## TASK ITEM
Copy out nothing but the lines from the one holding "佛山市顺德区杏坛镇光华德彦大道西侧地块之一使用权网上挂牌出让公告" through the end of the entries below, exactly as written and without the pictures.

## Records from a data collection
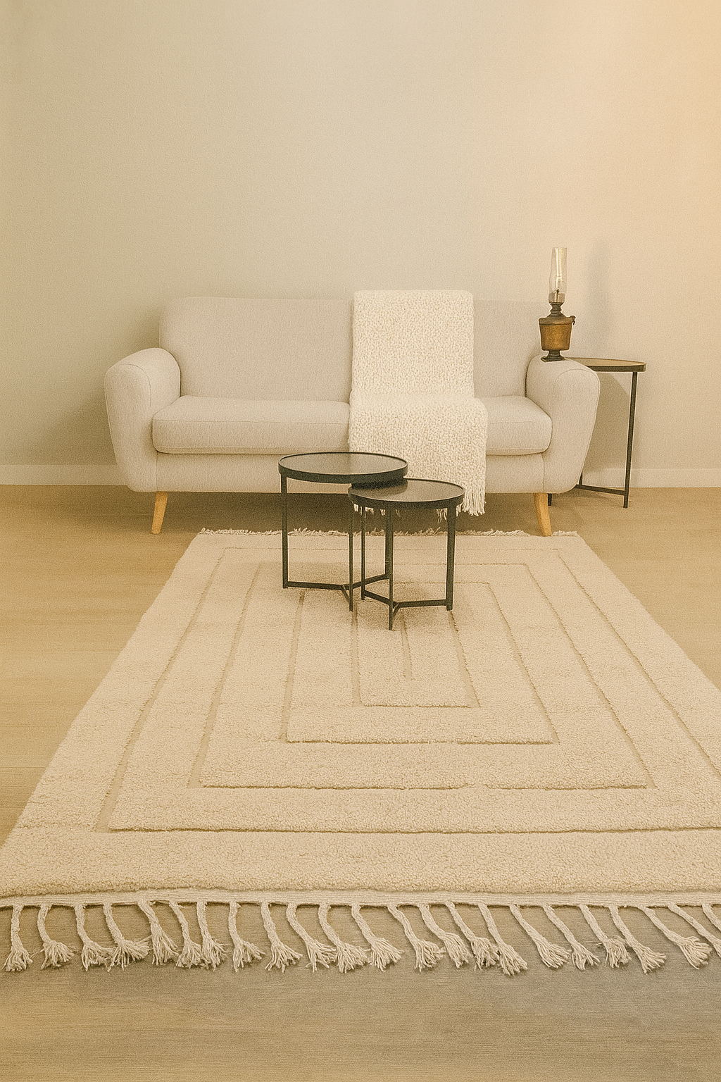 Tone-on-tone modernism: concentric “stepped” rectangles are carved into a plush ivory field, creating a subtle high–low relief that reads serene and architectural. Quiet luxury with unmistakable Amazigh hand.
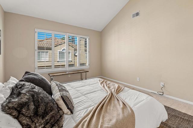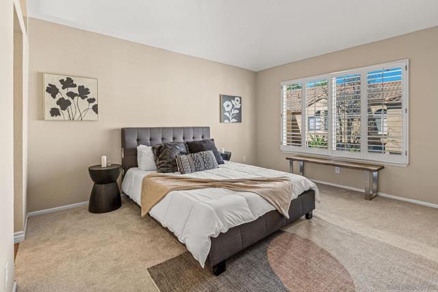 Tucked away at the end of a quiet cul-de-sac in the highly desirable Belsera community, this private 2-bedroom, 2-bath end unit offers the perfect blend of comfort, light, and lifestyle. With soaring ceilings and an open-concept design, the home feels bright and spacious from the moment you walk in, while its west-facing orientation helps keep the interior cooler during warmer months. The kitchen was updated in 2025 with refreshed quartz countertops, painted cabinetry, new sink and faucet, & upgraded lighting, opening seamlessly to the main living space ideal for both everyday living & entertaining. Additional improvements include fresh interior paint, brand new carpet, & a water heater and pressure regulator replaced in 2023. The bathroom was also upgraded in 2023 with new countertops, fixtures, glass shower doors, & a refinished tub, creating a clean & modern feel. Large windows bring in abundant natural light, while the elevated private balcony positioned above neighboring units offers a peaceful space to relax or host, overlooking greenspace and a seasonal creek during rainfall. Additional features include air conditioning, an attached one-car garage, a second assigned parking space, & in-unit washer and dryer. The home also benefits from a quiet setting, great neighbors, & a level of privacy that is hard to find. Residents of Belsera enjoy resort-style amenities including two swimming pools, picnic and BBQ areas, volleyball courts, scenic walking paths, and direct access to Mission Trails Regional Park—bringing an active, outdoor lifestyle right to your doorstep.
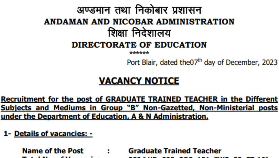 अंडमान और निकोबार प्रशासन के शिक्षा विभाग ने कुल 380 पदों पर ग्रेजुएट प्रशिक्षित शिक्षक (जीटीटी) के लिए भर्ती की घोषणा की है। इस भर्ती के लिए पुरुष और महिला दोनों उम्मीदवार आवेदन करने के पात्र हैं, और आवेदन की अंतिम तिथि 30 दिसंबर, 2023 है।
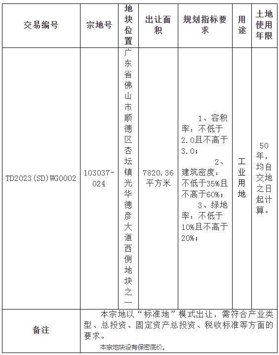 佛山市顺德区杏坛镇光华德彦大道西侧地块之一使用权网上挂牌出让公告
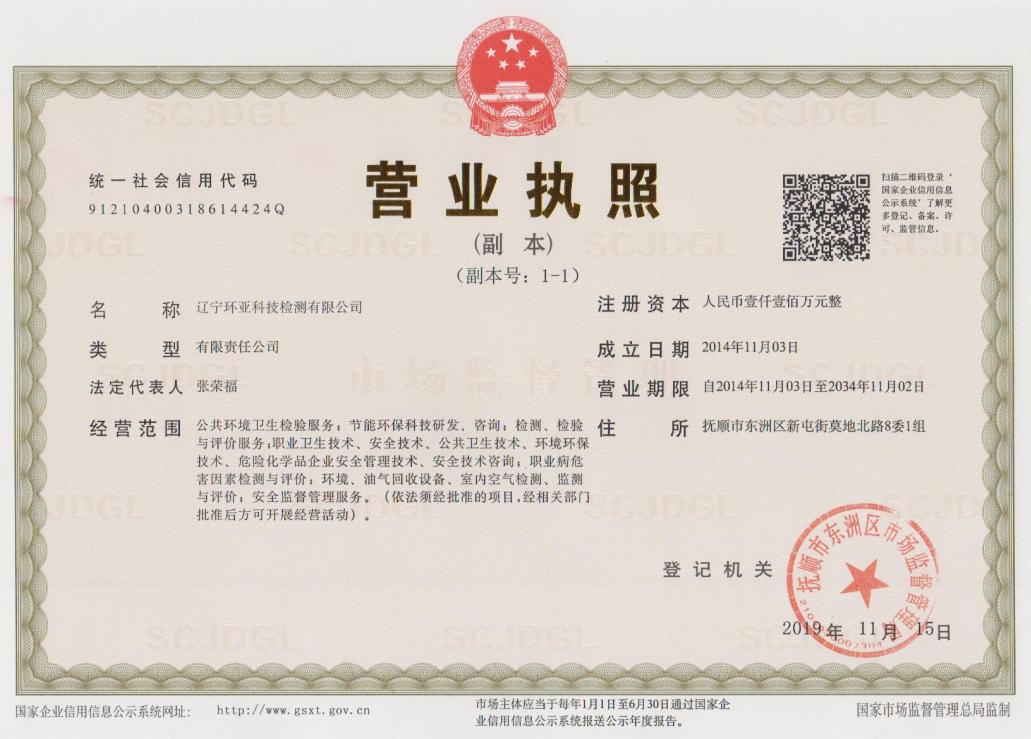 遼寧環(huán)亞科技檢測有限公司秉承“公平、公正、客觀、真實”的服務(wù)理念,力求為遼寧省各企事業(yè)等用人單位提供更優(yōu)質(zhì)的服務(wù),公司領(lǐng)導率領(lǐng)全體員工歷時一年零八個月的時間操練各項基本技能,于2016年8月9日取得了(遼)安職技字(2016)第B-0019號《職業(yè)衛(wèi)生技術(shù)服務(wù)機構(gòu)資質(zhì)證書》

## ANSWER FOR THE TASK
 佛山市顺德区杏坛镇光华德彦大道西侧地块之一使用权网上挂牌出让公告
 遼寧環(huán)亞科技檢測有限公司秉承“公平、公正、客觀、真實”的服務(wù)理念,力求為遼寧省各企事業(yè)等用人單位提供更優(yōu)質(zhì)的服務(wù),公司領(lǐng)導率領(lǐng)全體員工歷時一年零八個月的時間操練各項基本技能,于2016年8月9日取得了(遼)安職技字(2016)第B-0019號《職業(yè)衛(wèi)生技術(shù)服務(wù)機構(gòu)資質(zhì)證書》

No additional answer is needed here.